次にやったことは、ソース画像に負荷するノイズを前ステップでのU-Netの出力で置き換えることです。DDIMのサンプリングでは、入力画像にかかっているノイズ=U-Netの出力と考えて、そのSN比が大きくなるように更新しているので、出力をそのままノイズに使ってしまおうという考えです。

以下が結果画像です。上と比べて、ソース画像への忠実度がさらにアップしています。画像品質も若干良くなってますね。
image.png

3. Softmaxの温度パラメータを大きくする

最後のアプローチとして、1のCross-Attentionを計算する時にSoftmaxの温度パラメータを大きくするということをやってみました。[1]の論文でAttention Mapの分散を大きくすることで品質が上がる(Attentionが必要以上に広い範囲にかかってしまうことを防いでるらしい)ということが報告されていたので、同じことをやってみましたが特に効果はなく…。その代わりにsoftmaxの温度パラメータを大きくしてみました。具体的には1.3倍にしてみます。

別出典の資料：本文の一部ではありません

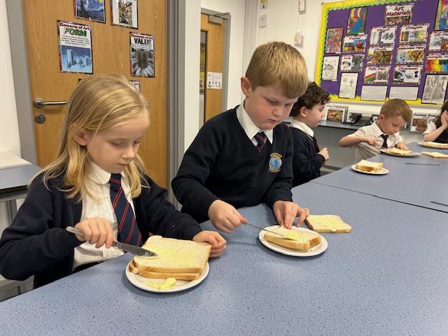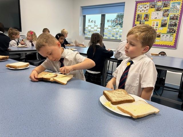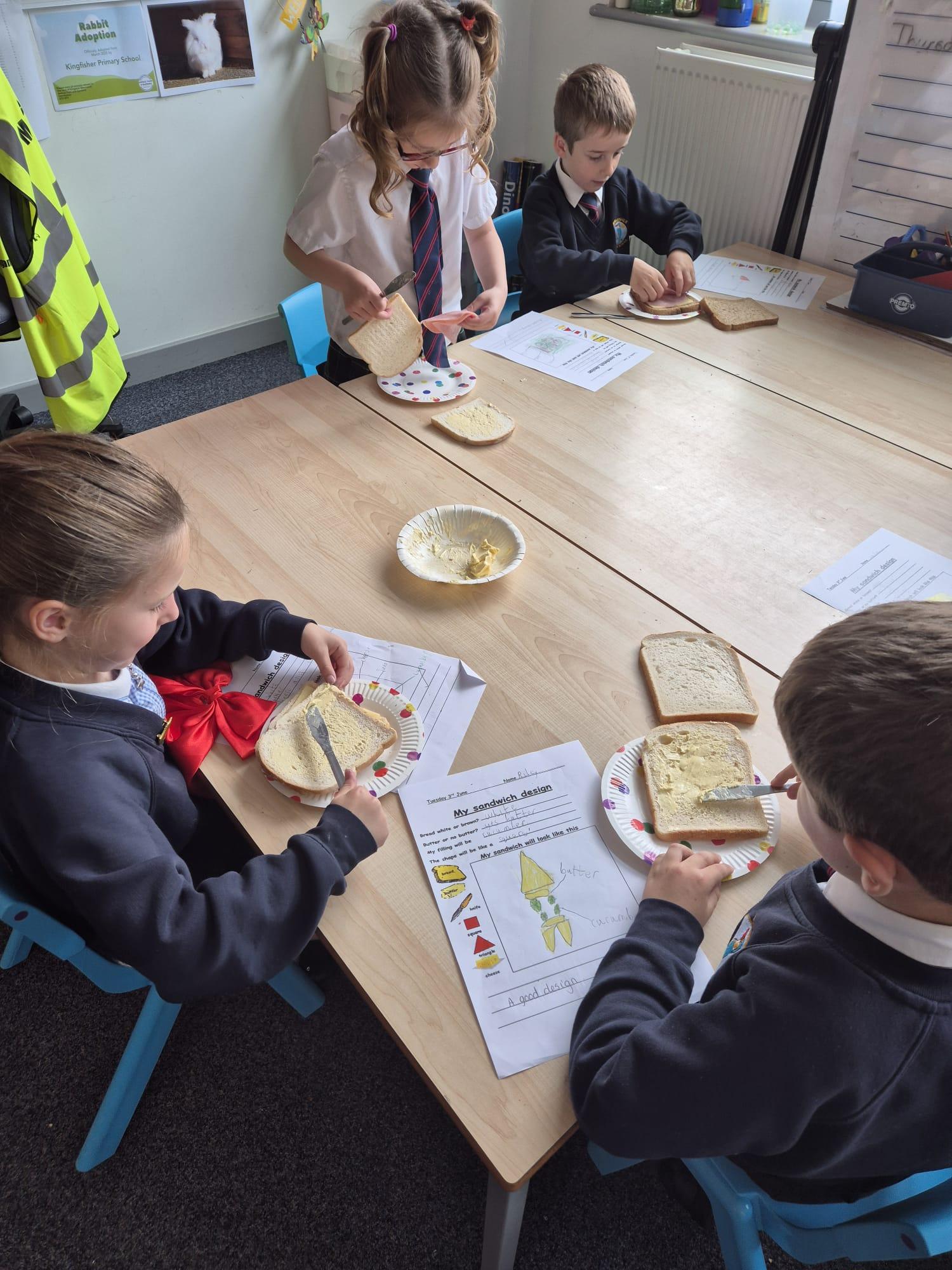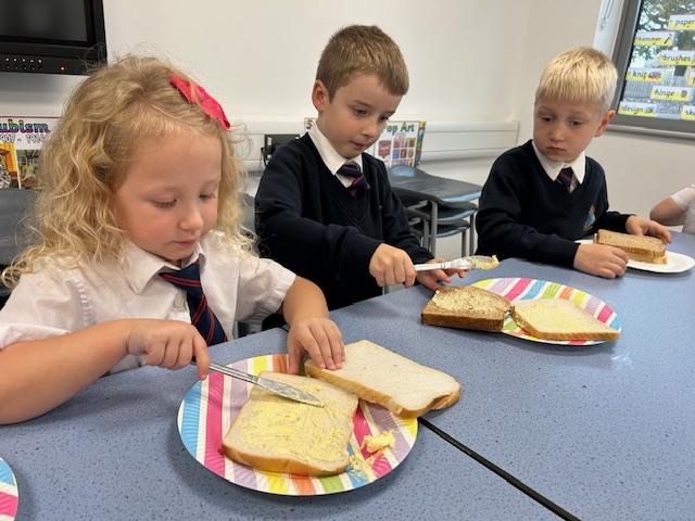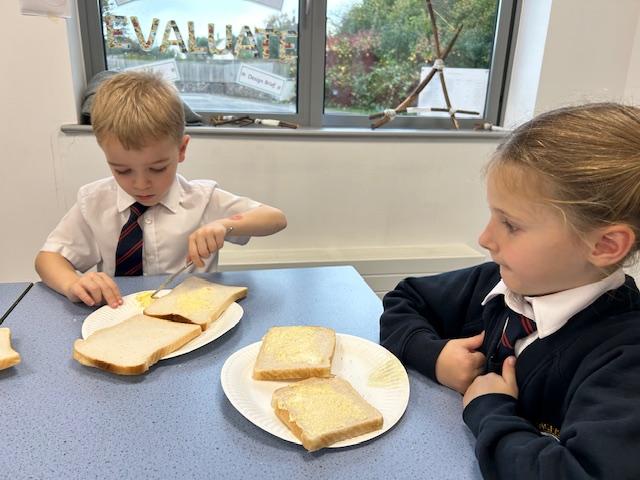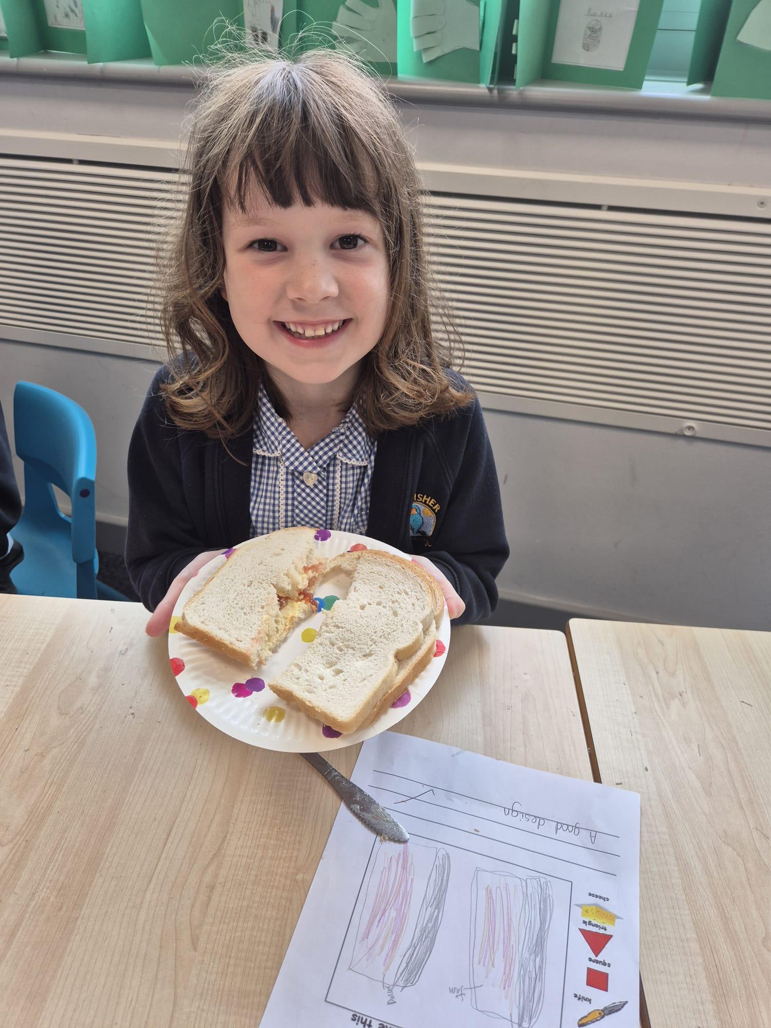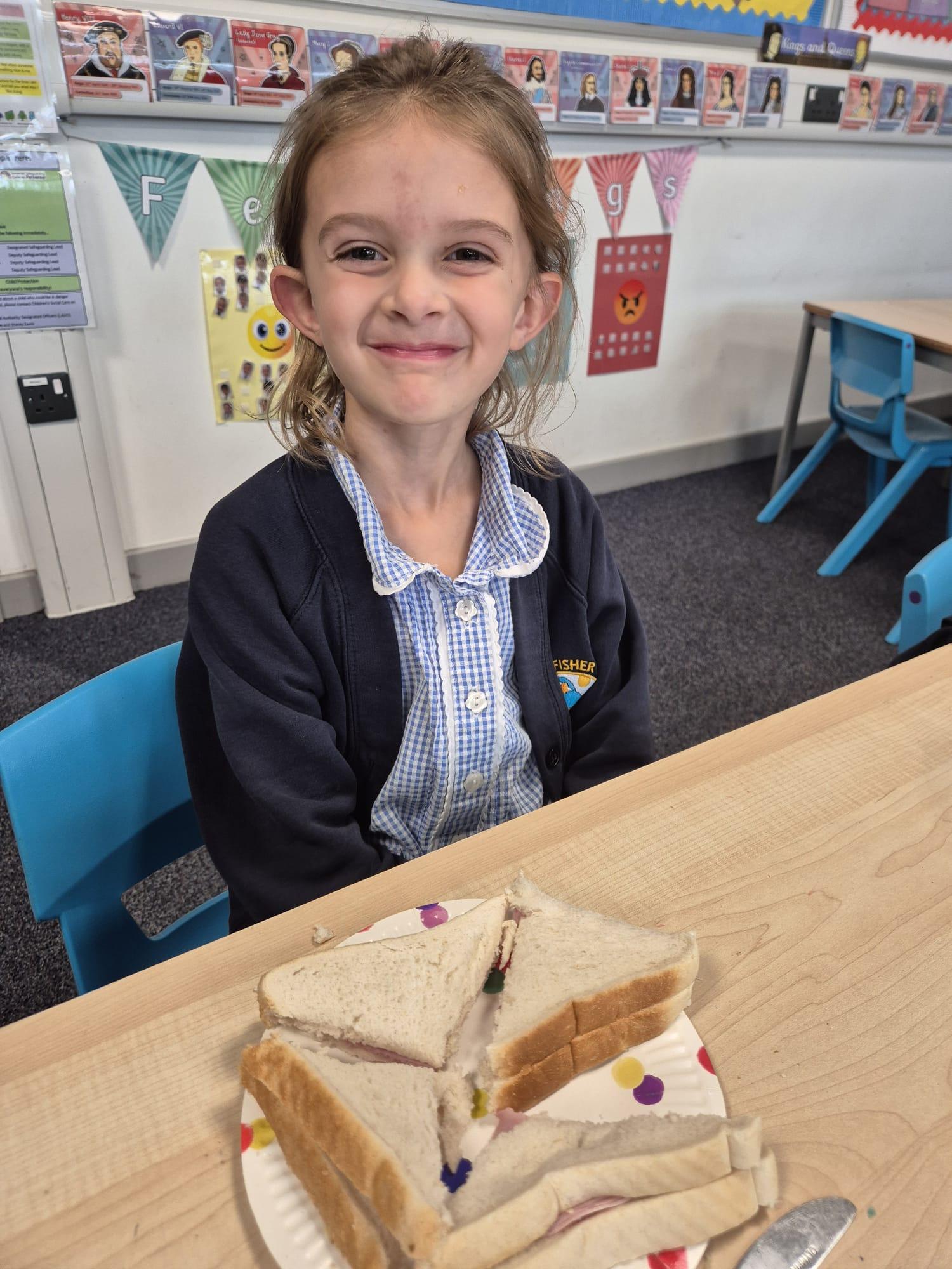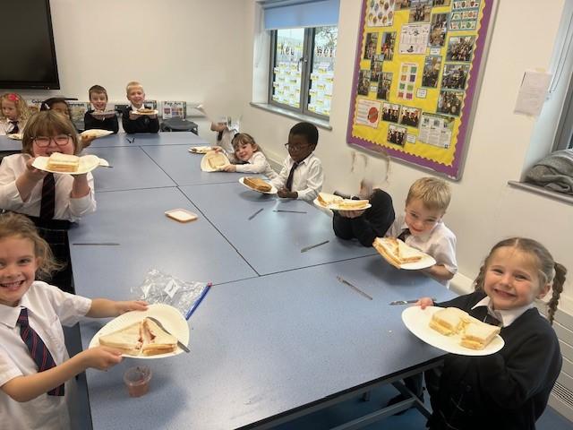 The class have been reading The Disgusting Sandwich this week, and have been completing various pieces of work about it. So, we thought it would be fun to make our own sandwiches but wthout the 'disgusting' fillings! The children could chose either jam, cheese or ham.

以下が結果画像です。全体的に陰影がはっきりしすぎている感じはありますが、足先部分などは若干忠実度がアップしています。
image.png

まとめ

正直生成品質はまだかなり悪いですが、一旦ギブアップです。
最後に、色々なポーズでの生成結果です。ポーズによって色々ハイパラを変える必要があり、特に3の温度パラメータは変えない方が良かったりもしたのであまり意味がなかったかもしれません。
image.png
image.png

参考文献

[1] Li Hu, Xin Gao, Peng Zhang, Ke Sun, Bang Zhang, and Liefeng Bo. Animate anyone: Consistent and controllable image-to-video synthesis for character animation. arXiv:2311.17117, 2023.
[2] Yuval Alaluf, Daniel Garibi, Or Patashnik, Hadar Averbuch-Elor, and Daniel Cohen-Or. Cross-image attention for zero-shot appearance transfer. arXiv:2311.03335, 2023.